Fast and Automatic Heart Isolation in 3D CT ... - Semantic Scholar

Fast and Automatic Heart Isolation in 3D CT Volumes: Optimal Shape Initialization Yefeng Zheng1 , Fernando Vega-Higuera2 , S. Kevin Zhou1 , and Dorin Comaniciu1 1

2

Siemens Corporate Research, Princeton, USA, Computed Tomography, Siemens Healthcare, Forchheim, Germany [email protected]

Abstract. Heart isolation (separating the heart from the proximity tissues, e.g., lung, liver, and rib cage) is a prerequisite to clearly visualize the coronary arteries in 3D. Such a 3D visualization provides an intuitive view to physicians to diagnose suspicious coronary segments.

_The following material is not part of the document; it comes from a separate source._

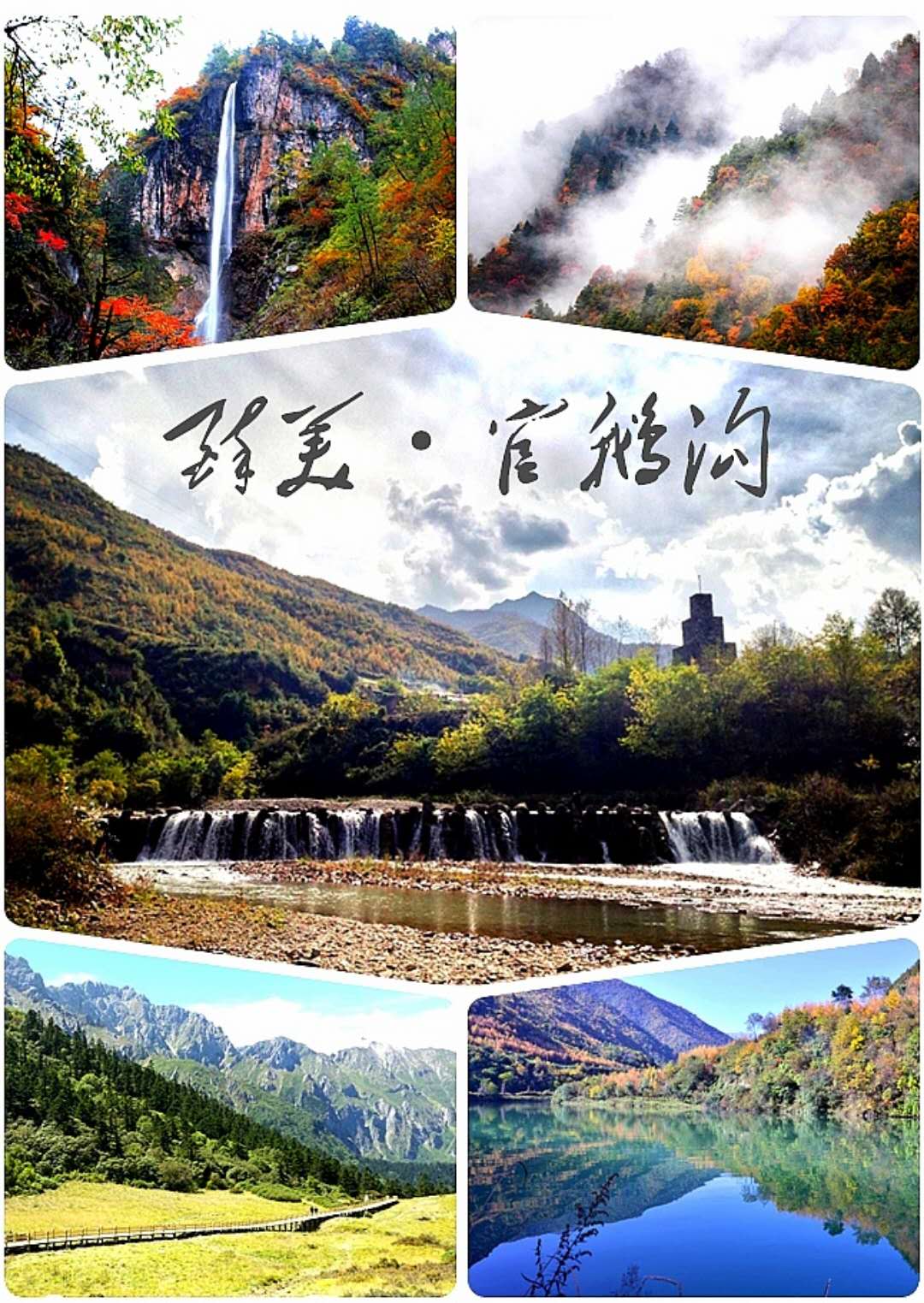 如果说,我的“九色甘南游”系列格图前四集,主要是描绘了甘南的风土人情,挖掘的是文化内涵的话,那么,现在我要讴歌的是,近年来才开发就鹊声四起,陇南热门景区排行榜第一名的景点——官鵝沟。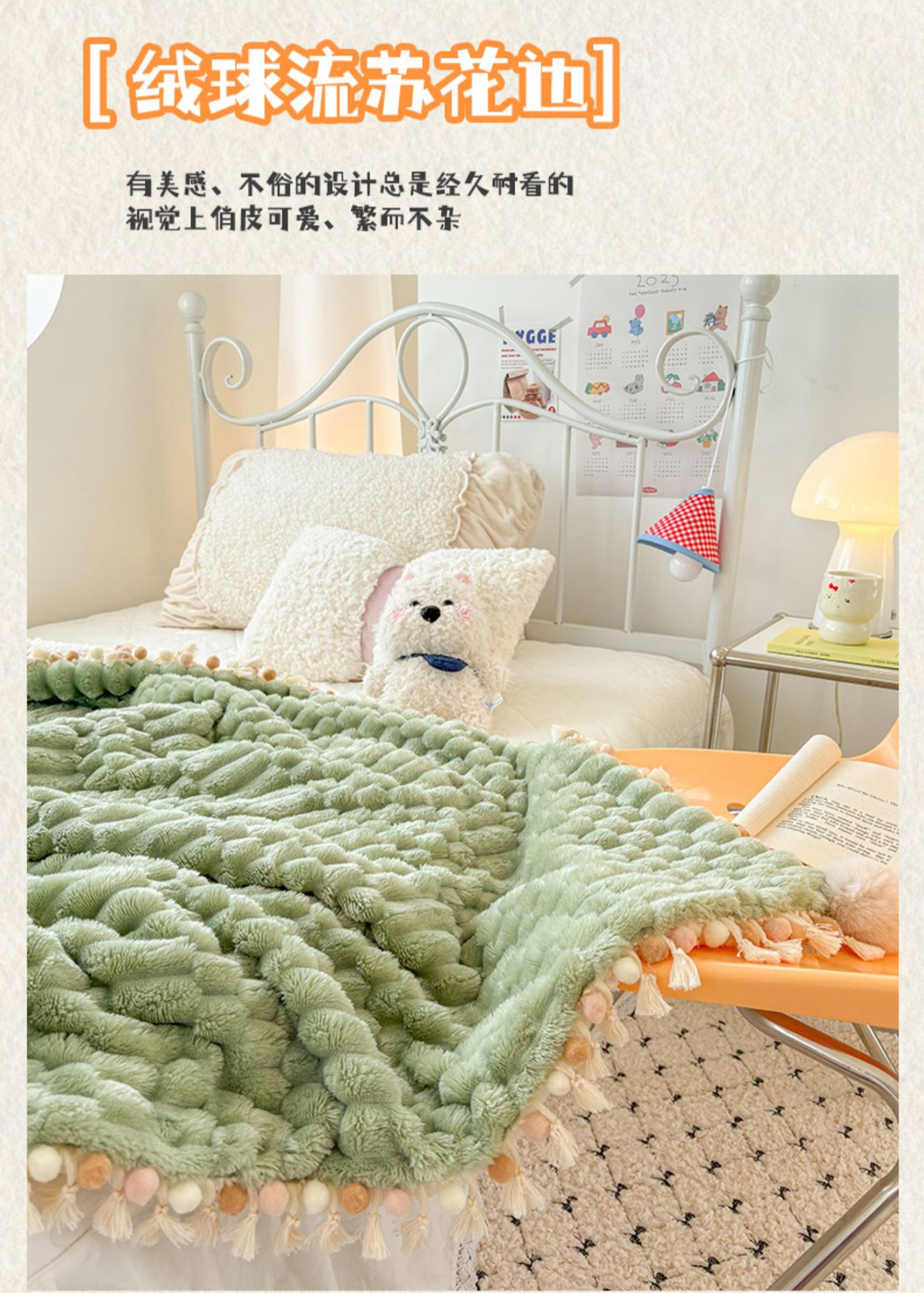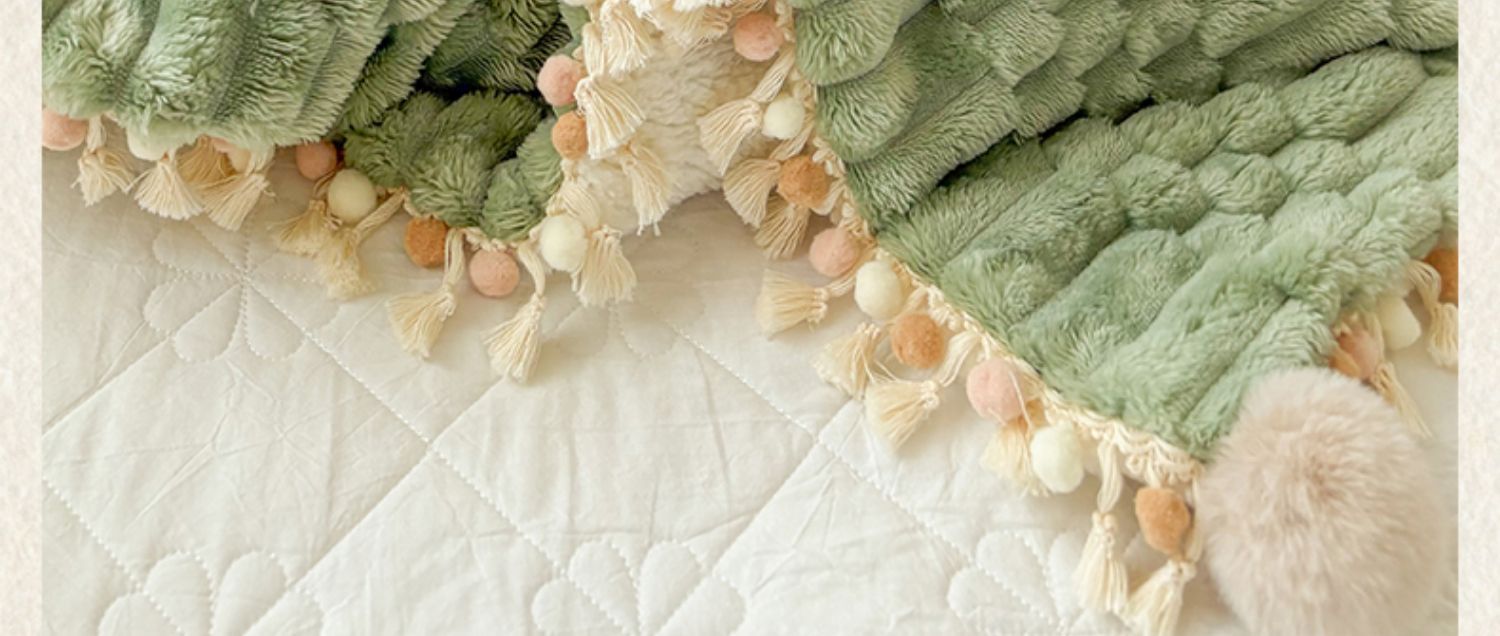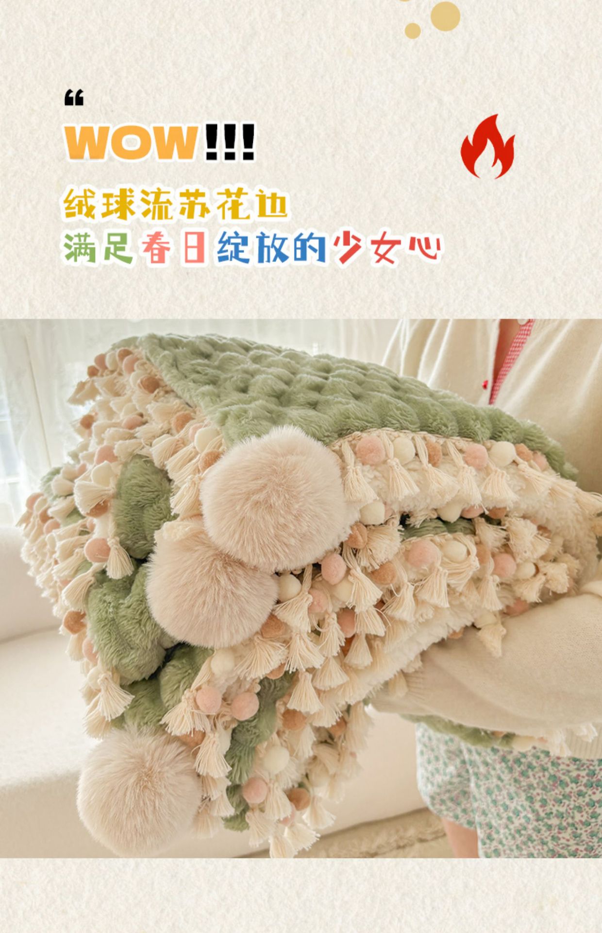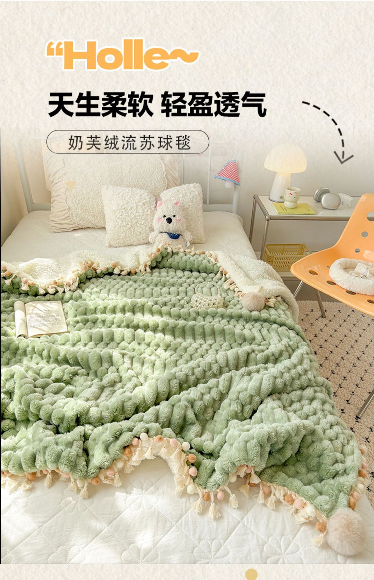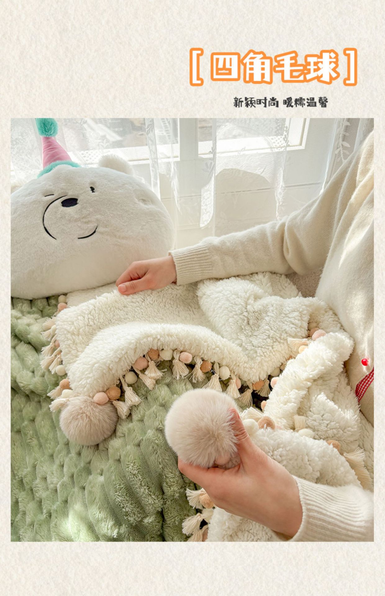 새로운 고중량 밀크 벨벳 태슬 볼 사각 모피 볼 레이스 담요 인터넷 연예인 스타일 솔리드 컬러 간단한 에어컨 담요 커버 담요스토어 가기

Heart isolation is also necessary in radiotherapy planning to mask out the heart for the treatment of lung or liver tumors. In this paper, we propose an efficient and robust method for heart isolation in computed tomography (CT) volumes. Marginal space learning (MSL) is used to efficiently estimate the position, orientation, and scale of the heart. An optimal mean shape (which optimally represents the whole shape population) is then aligned with detected pose, followed by boundary refinement using a learning-based boundary detector. Post-processing is further exploited to exclude the rib cage from the heart mask. A large-scale experiment on 589 volumes (including both contrasted and non-contrasted scans) from 288 patients demonstrates the robustness of the approach. It achieves a mean point-to-mesh error of 1.91 mm. Running at a speed of 1.5 s/volume, it is at least 10 times faster than the previous methods.

1

Introduction

While most previous work on heart segmentation focuses on segmenting heart chambers [1], segmenting the heart as a whole (or heart isolation) has a real interest in several applications. For example, after separating the heart from the proximity tissues (e.g., lung, liver, and rib cage), we can clearly visualize the coronary arteries in 3D, as shown in Fig. 1. Such 3D visualization provides an intuitive view to physicians to diagnose suspicious coronary segments (as indicated by the black and green arrows in Fig. 1). For this application, generally, the patient is scanned with contrast agent applied for better visualization of the coronary arteries (see the top row of Fig. 2). The segmented heart mask should not cut the coronary vessels, which are located on the surface of the heart chambers. This presents a big challenge to the segmentation algorithms. The second application of heart isolation is radiotherapy planning. Usually, radiotherapists need to delineate, either manually or automatically, the boundary of the sensitive organs that must not be affected by radiation. The heart often

Fig. 1. Heart isolation for 3D visualization of the coronary arteries. Left: Before heart isolation. Right: After heart isolation. Arrows indicate suspicious regions (black for a calcified plaque and green for a soft plaque).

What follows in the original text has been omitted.